Russia–Vietnam relations

Diplomatic mission
- Russian embassy, Hanoi: Vietnamese embassy, Moscow

= Russia–Vietnam relations =

Russia–Vietnam relations (Российско-вьетнамские отношения, Quan hệ Nga – Việt) date back formally to 30 January 1950, when the Union of Soviet Socialist Republics established relations with Democratic Republic of Vietnam.
The Soviet Union was one of the first countries in the world to recognize and formally establish diplomatic relations with Vietnam, laying the foundations for strong and cooperative friendship between the two countries.

==History==

=== Early years ===

The first Vietnamese appeared in the USSR in the early 1920s. These were students from Comintern universities, mainly from the Communist University of the Toilers of the East. About 70 Vietnamese passed through this system of communist education in Soviet Russia. Ho Chi Minh studied in Moscow in the 1920s, along with other members of the Indochinese Communist Party.

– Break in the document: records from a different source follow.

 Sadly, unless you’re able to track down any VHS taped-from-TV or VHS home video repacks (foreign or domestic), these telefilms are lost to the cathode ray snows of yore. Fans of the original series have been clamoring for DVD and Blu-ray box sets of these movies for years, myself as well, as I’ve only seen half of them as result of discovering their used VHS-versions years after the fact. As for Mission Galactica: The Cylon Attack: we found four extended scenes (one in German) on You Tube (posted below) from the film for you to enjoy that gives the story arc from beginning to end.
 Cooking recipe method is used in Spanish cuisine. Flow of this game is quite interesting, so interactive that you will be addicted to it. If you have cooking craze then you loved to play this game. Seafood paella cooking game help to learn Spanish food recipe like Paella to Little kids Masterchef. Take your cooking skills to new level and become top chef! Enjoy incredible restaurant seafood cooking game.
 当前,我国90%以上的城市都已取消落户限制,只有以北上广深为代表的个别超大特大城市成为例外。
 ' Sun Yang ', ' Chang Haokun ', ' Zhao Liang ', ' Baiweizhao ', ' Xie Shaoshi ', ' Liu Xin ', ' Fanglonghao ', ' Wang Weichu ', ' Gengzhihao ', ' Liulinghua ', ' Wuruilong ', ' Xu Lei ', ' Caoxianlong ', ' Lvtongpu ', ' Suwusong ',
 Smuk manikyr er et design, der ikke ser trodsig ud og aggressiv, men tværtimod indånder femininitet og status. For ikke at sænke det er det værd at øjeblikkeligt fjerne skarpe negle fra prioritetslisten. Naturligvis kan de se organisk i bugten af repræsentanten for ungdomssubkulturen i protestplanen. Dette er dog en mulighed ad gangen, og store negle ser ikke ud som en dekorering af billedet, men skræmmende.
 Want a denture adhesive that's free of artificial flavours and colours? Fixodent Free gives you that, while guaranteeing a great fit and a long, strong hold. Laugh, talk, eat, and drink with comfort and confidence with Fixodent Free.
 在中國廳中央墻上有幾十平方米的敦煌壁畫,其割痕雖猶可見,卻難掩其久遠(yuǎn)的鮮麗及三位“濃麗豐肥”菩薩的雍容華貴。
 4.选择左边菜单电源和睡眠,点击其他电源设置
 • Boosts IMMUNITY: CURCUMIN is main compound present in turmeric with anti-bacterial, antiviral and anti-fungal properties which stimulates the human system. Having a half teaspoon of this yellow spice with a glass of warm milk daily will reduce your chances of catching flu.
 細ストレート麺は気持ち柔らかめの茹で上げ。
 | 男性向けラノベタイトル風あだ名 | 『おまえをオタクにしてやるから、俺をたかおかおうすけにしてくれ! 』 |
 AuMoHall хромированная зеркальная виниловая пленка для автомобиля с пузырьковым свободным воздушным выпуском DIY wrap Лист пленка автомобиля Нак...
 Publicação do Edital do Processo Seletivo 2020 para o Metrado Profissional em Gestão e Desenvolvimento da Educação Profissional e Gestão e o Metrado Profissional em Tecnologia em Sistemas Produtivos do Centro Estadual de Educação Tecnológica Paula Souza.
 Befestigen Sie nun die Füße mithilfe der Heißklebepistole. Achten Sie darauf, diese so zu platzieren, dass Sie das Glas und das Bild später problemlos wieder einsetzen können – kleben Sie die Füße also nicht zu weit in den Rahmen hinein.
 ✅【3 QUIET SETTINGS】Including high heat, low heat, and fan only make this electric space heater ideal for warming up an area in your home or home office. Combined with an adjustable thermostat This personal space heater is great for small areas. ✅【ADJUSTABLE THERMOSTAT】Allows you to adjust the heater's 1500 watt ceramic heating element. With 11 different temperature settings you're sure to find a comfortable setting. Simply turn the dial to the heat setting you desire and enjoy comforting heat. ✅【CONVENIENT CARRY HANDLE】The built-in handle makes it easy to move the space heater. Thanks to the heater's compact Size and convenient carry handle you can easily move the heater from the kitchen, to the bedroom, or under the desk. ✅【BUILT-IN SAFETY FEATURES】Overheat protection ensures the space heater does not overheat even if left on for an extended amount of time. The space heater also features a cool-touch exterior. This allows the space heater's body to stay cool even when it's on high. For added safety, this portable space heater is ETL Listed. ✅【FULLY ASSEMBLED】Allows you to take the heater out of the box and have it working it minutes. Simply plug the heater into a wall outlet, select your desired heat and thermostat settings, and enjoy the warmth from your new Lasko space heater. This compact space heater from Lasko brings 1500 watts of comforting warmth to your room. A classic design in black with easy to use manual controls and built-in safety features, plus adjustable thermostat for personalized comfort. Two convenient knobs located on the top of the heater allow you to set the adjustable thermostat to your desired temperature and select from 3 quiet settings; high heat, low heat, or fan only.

The Soviet Union was the second country, after the newly established People's Republic of China, to diplomatically recognize the Democratic Republic of Vietnam during the First Indochina War in January 1950. The Soviet Union pressured the Viet Minh delegation to accept partition as a compromise solution to the conflict at the 1954 Geneva Conference. Later, in 1964, Soviet Premier Alexei Kosygin visited Hanoi to try to dissuade Lê Duẩn against escalating the Vietnam War against South Vietnam and the United States. Nevertheless, the USSR was traditionally one of Vietnam's strongest allies and offered crucial military aid to North Vietnam during the war. Aid included air-defense equipment such as radar and surface-to-air missiles. It also included pilot training and aircraft, such as "some all-weather MIG fighters" and several IL-28 light bombers.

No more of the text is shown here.